= Night Traveler =

Multimedia adventure series

Night Traveler is a multimedia adventure series produced in the United States by Lunar Moth Entertainment. Originally intended as a single issue comic book, the series began to take shape in a larger more in-depth format. Consisting of ten multimedia episodes, the first season of the series, titled Prophecy of the Elder, follows musician Jake Whitman on a journey of discovery and adventure. After being fired from his only steady gig, Jake is lured down a dark dirt road by a ghostly apparition, causing him to wreck his motorcycle. Rescued by an elderly Native American, Jake is introduced to the origin of dreams, where four challenges will stand between destiny and destruction...

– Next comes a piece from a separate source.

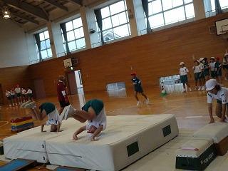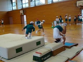 ↑1の1 体育 こんな風に、柔らかく着地しましょう。そして、ポーズですよ!↓運動することが楽しくて楽しくてしょがない!という感じです。元気いっぱい「ハムスター跳び」を楽しんで、運動能力を鍛えていました。

== Cast for Night Traveler: Prophecy of the Elder ==
- Roddy Piper as The Pyro Messiah
- Jeremy Bulloch as Sir Logan the Prowler
- Cindy Morgan as Emily S. Preston
- R.E. Asbury as Mingo Coyote and Mimic
- Bridget Asbury as Blackbird
- AJ Confessore as Jimmy Fines
- Jason Carle as Booga

== Multimedia format ==
Night Traveler: Prophecy of the Elder is a multimedia adventure series that combines various artistic mediums to tell its story. Bringing together such formats as comic book style art, sound design, interactive navigation and adventurous text, the series allows its viewers to experience a unique brand of storytelling and fantasy.